*To do*
Starting with the line that contains "Winterset für Jungen: Mütze" and stopping after the line that contains "A boy in a diving", copy the entries below exactly. Include nothing else.

BEGIN Records for this task

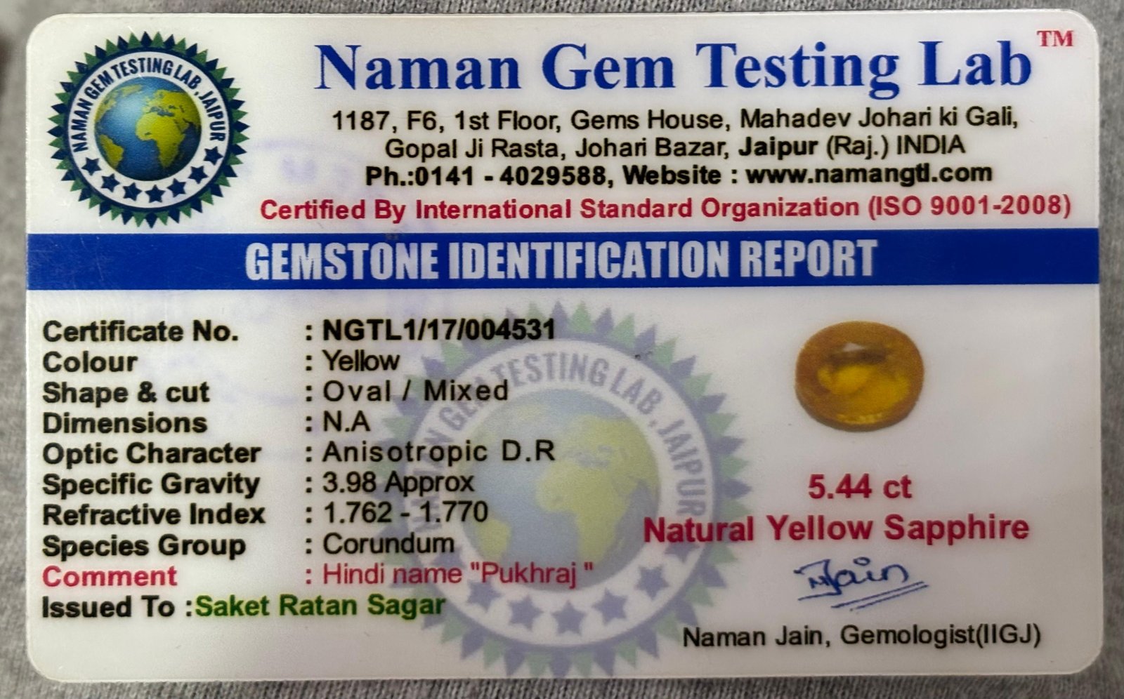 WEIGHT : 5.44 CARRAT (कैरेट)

END Records for this task
BEGIN Records for this task

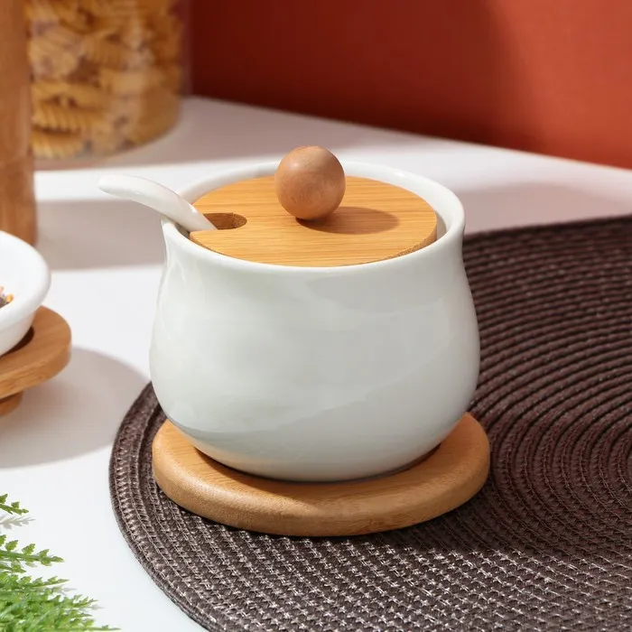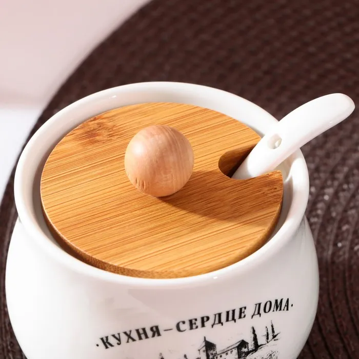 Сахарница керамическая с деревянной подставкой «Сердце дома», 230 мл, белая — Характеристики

END Records for this task
BEGIN Records for this task

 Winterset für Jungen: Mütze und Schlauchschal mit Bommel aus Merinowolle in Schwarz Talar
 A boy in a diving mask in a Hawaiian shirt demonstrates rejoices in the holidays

END Records for this task

*Final answer*
 Winterset für Jungen: Mütze und Schlauchschal mit Bommel aus Merinowolle in Schwarz Talar
 A boy in a diving mask in a Hawaiian shirt demonstrates rejoices in the holidays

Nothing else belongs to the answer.